La raison est en effet une, comme croire est un. Toutefois, il existe deux rapports possibles à celle-ci. Le
premier est technique, utilitaire. En soi, cela n'a rien de condamnable. Il faut faire des choses utiles. C'est là
l'essence pratique de notre condition. Nous devons survivre. Et à cet effet, ainsi que l'a dit Heidegger,
arraisonner le monde. Cela signifie l'aborder comme on arraisonne un navire. En étant audacieux, en sachant
tirer parti d'une situation. Cela veut dire aussi mettre le monde à la raison. Le rendre rationnel et donc plus
sage qu'il n'est. Ce geste consiste à s'immiscer dans la nature afin de comprendre les causes qui la font agir,
pour mieux la prévoir.
La raison technique a toutefois un envers. N'ayons que des rapports techniques et utilitaires au monde, nous
découvrons qu'il manque quelque chose. L'essence de l'homme n'est pas complètement dévoilée. Car la vision
technique réduit égoïstement tout à son profit. Elle déshumanise. D'où la nécessité d'entendre cette question :
« Qu'est-ce qui est utile ? »
L'utile réside dans ce qui est plus qu'utile.

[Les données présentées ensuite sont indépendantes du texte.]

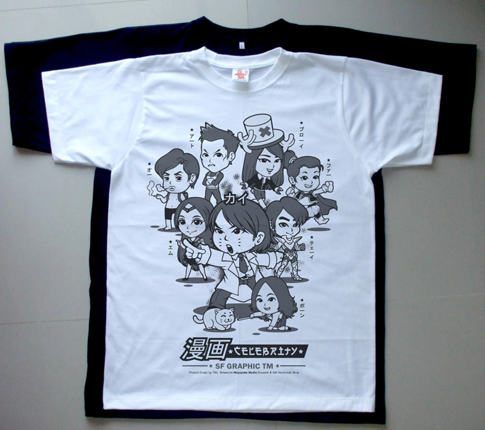 | หัวหน้าแผนกบอกว่าให้ผมออกแบบเสื้อทีมแผนกกราฟิก ให้คอนเซปท์มาว่า Manga วาดทุกคนในแผนกเป็นตัวการ์ตูนญี่ปุ่น มาลองทายซิว่าผมวาดตัวการ์ตูนชื่ออะไร จากเรื่องอะไรบ้าง? ชื่อญี่ปุ่นเป็นชื่อคนในแผนกที่เอามาวาดครับ ให้น้องซาโอริแปลให้ ใครเก่งญี่ปุ่นคงอ่านออก | ||
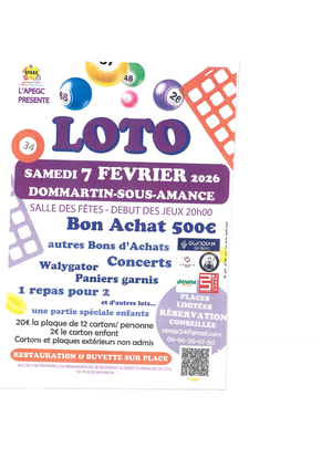 Le samedi 7 février à 20h, l’Association des Parents d'Elèves du Grand Couronné (APEGC), organise dans la salle des fêtes, site de la mairie, un LOTO avec parties enfants.
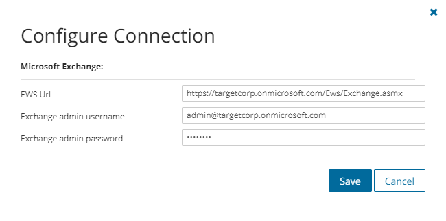 - EWS Url - enter the URL of the Microsoft Exchange EWS endpoint of the source or target Exchange server selected.

On nomme cela le fondamental. Le monde aussi. Tous deux auraient
pu ne pas être. Or, ils sont. Ce qui émerveille. La raison fondamentale et non la raison technique, autrement
dit, la raison métaphysique et non la raison calculante nous le fait découvrir. Ce faisant, elle éveille notre
humanité, tout en empêchant l'inhumain en nous de nous asservir.

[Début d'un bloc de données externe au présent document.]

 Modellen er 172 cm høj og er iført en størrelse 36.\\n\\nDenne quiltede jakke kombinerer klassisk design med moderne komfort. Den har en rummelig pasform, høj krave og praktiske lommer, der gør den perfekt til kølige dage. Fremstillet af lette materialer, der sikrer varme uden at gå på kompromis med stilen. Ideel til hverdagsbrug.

Il y a lutte entre la raison métaphysique et la raison calculante. La seconde tentant constamment d'étouffer la
première, comme en témoigne la difficulté de la philosophie à faire entendre sa voix. Quand elle s'efforce de
faire penser, on lui impose le silence en arguant des urgences du quotidien et, par là même, de l'efficacité de la
technique pour régler les problèmes qui se posent à l'humanité.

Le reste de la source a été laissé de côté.